SUNDAY 21 FEBRUARY 2016 – Lent 2
Genesis 15.1-12, 17-18
In today’s readings there is a broad stretch of history, from God’s promise to Abram (soon to be Abraham) that he would receive a son and that his Hebrew descendants would inherit a dedicated land, right through to the person of Jesus Christ who bewails the way in which those descendants have disappointed and betrayed God. In between the Old Testament reading and the Gospel we have an excerpt from Paul’s letter to the people of Philippi in Greece, encouraging them to observe the example shown by Jesus “who will transform the body of our humiliation” and to imitate that example. Well, as we all know, the body of Christ in the world today remains humiliated, in that it is far from perfect, and those who do not recognise Christ are still bent on destruction, filling their bellies and wallets, setting their minds on earthly things. So what is to do ?
The Ministry Team here at St Mary’s, including Sunny our Administrator and Tyrone our Director of Music, spent most of last Thursday on a Team Development workshop, with a facilitator. In advance of it we had all been asked to complete an exercise in which we answered questions about how we thought we would behave in various circumstances described as “calm” and “storm” (similar to Meyers-Briggs if you are familiar with that). This produced a personal profile card which we were asked to hang around our necks so that everyone could see them. Needless to say we were all different, which is not a bad thing at all and actually enabled us all to get to know each other in a way we had not experienced before.

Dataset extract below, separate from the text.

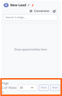 Stage pagination controls – Allows you to adjust how many opportunity cards display per stage column and navigate between pages when the number of records exceeds the visible limit.
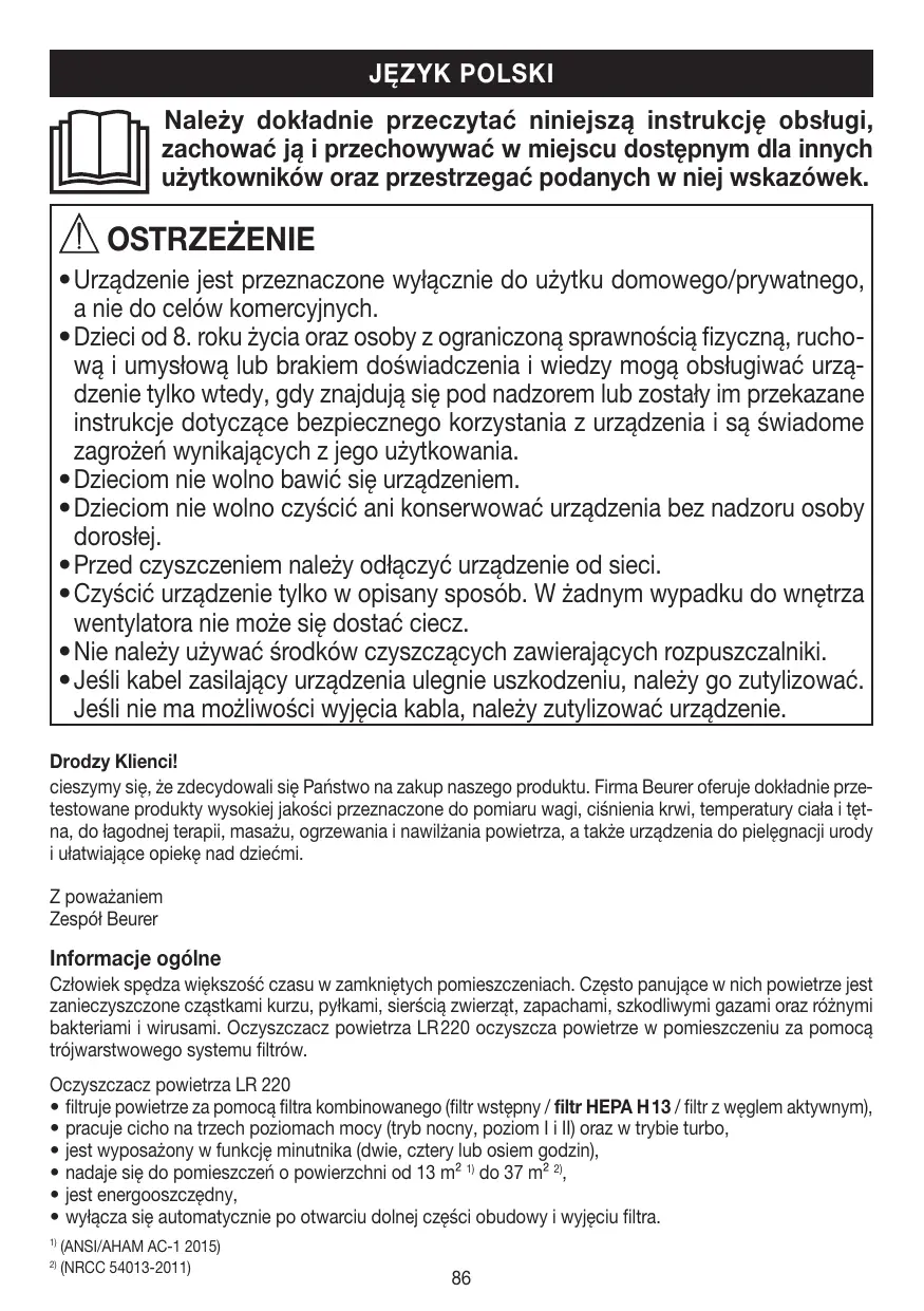 - Jeśli kabel zasilający urządzenia ulegnie uszkodzeniu, należy go zutylizować. Jeśli nie ma możliwości wyjęcia kabla, należy zutylizować urządzenie. Drodzy Klienci! cieszymy się, że zdecydowali się Państwo na zakup naszego produktu. Firma Beurer oferuje dokładnie przetestowane produkty wysokiej jakości przeznaczone do pomiaru wagi, ciśnienia krwi, temperatury ciała i tętna, do łagodnej terapii, masażu, ogrzewania i nawilżania powietrza, a także urządzenia do pielęgnacji urody i ułatwiające opiekę nad dziećmi. Z poważaniem Zespół Beurer Informacje ogólne Człowiek spędza większość czasu w zamkniętych pomieszczeniach. Często panujące w nich powietrze jest zanieczyszczone cząstkami kurzu, pyłkami, sierścią zwierząt, zapachami, szkodliwymi gazami oraz różnymi bakteriami i wirusami. Oczyszczacz powietrza LR 220 oczyszcza powietrze w pomieszczeniu za pomocą trójwarstwowego systemu filtrów. Oczyszczacz powietrza LR 220

The main theme underlying the workshop can be described as self-awareness. This doesn’t mean just an awareness that we exist, but an extended awareness of who we are and how we come across in our relationships with other human beings. We are all made in the image and likeness of God, so we all have the capacity for being transformed into the example of Jesus Christ, who reminded us that the two most important Commandments are to love the Lord our God with all our heart, soul, mind and strength, and to love our neighbour as ourselves. The operative words here are “as ourselves”.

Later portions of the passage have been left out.